Masa Prapaskah mempunyai dua ciri khas, yakni mengenang atau mempersiapkan pembaptisan dan membina tobat. Kedua ciri khas ini hendaknya ditampilkan dengan lebih jelas dalam liturgi maupun dalam katekese liturgi. Lewat kedua sarana itu kaum beriman yang tekun mendengarkan sabda Allah dan meluangkan waktu untuk berdoa disiapkan oleh Gereja untuk merayakan misteri Paskah. Karena itu:

  1. Unsur-unsur pembaptisan yang khas bagi liturgi Prapaskah hendaknya dimanfaatkan secara lebih luas; beberapa unsur yang berasal dari Tradisi zaman dahulu kalau perlu hendaknya dipugar.
  2. Hal yang sama berlaku bagi unsur-unsur tobat. Dalam katekese hendaknya ditegaskan kepada kaum beriman, baik dampak sosial dari dosa maupun hakikat khas dari pertobatan, yakni mencampakkan dosa yang merupakan penghinaan terhadap Allah. Peranan Gereja dalam laku tobat janganlah diabaikan, dan doa-doa untuk orang berdosa sangat dianjurkan.

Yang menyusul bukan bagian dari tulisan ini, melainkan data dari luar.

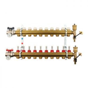 Распределительный коллектор (группа) с расходомерами Tiemme 3870011 ВР-НР 1", на 10 контуров НР 3/4" ЕК, латунь, с концевыми группами, с шаровыми кранами
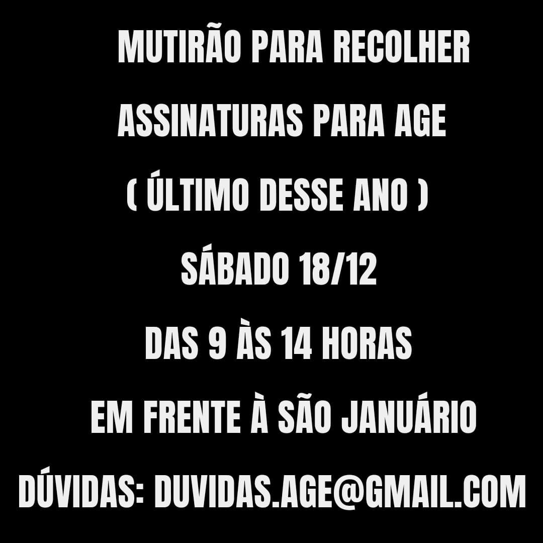 Sábado, dia 18/12 estaremos esperando por vocês pra assinar a AGE.

Tobat selama Masa Prapaskah itu tidak boleh hanya bersifat batin dan perorangan, tetapi hendaknya bersifat lahir dan mempunyai aspek sosial yang cocok untuk zaman sekarang dan untuk masing-masing wilayah, pun pula seturut keadaan kaum beriman, hendaknya makin digairahkan dan dianjurkan oleh “pimpinan gerejawi.” 

Akan tetapi puasa Paskah harus dipandang keramat dan dilaksanakan di mana-mana pada hari Jumat Agung, malah bila mungkin diperpanjang sampai hari Sabtu Suci, supaya kita dapat menikmati kegembiraan kebangkitan Tuhan dengan hati yang riang dan lapang.